— WHAT THE EXERCISE ASKS —
Each line below is to be copied exactly; images do not go into the copy.

— RECORDED DATA —
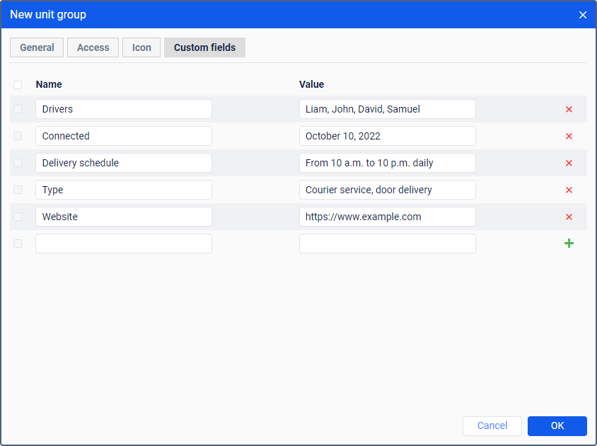 На вкладке можно создать произвольные поля с дополнительной информацией о группе или объектах, добавленных в нее.
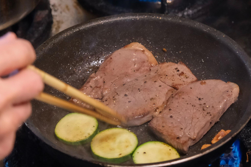 盛り付けの際は、鹿肉と相性抜群の特製のステーキソースを合わせます。添えられたズッキーニとガーリックを鹿肉と合わせていただくと絶品で、常連のお客様からも「ズッキーニとガーリックを追加して欲しい」とリクエストがあるほどです。
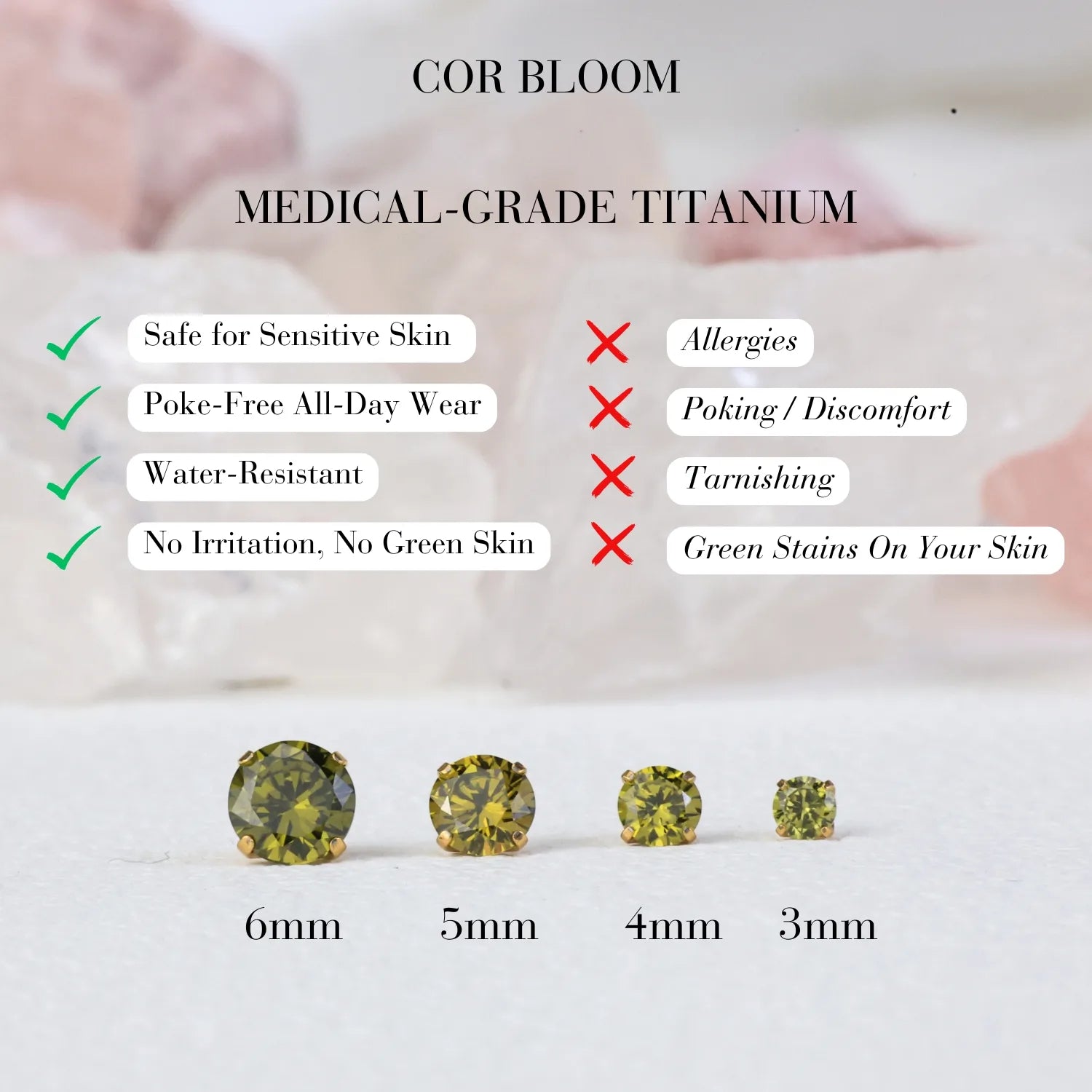 Titanium Multisize Peridot Gemstone Piercing Stud

— RESPONSE TO THIS TASK —
 На вкладке можно создать произвольные поля с дополнительной информацией о группе или объектах, добавленных в нее.
 盛り付けの際は、鹿肉と相性抜群の特製のステーキソースを合わせます。添えられたズッキーニとガーリックを鹿肉と合わせていただくと絶品で、常連のお客様からも「ズッキーニとガーリックを追加して欲しい」とリクエストがあるほどです。
 Titanium Multisize Peridot Gemstone Piercing Stud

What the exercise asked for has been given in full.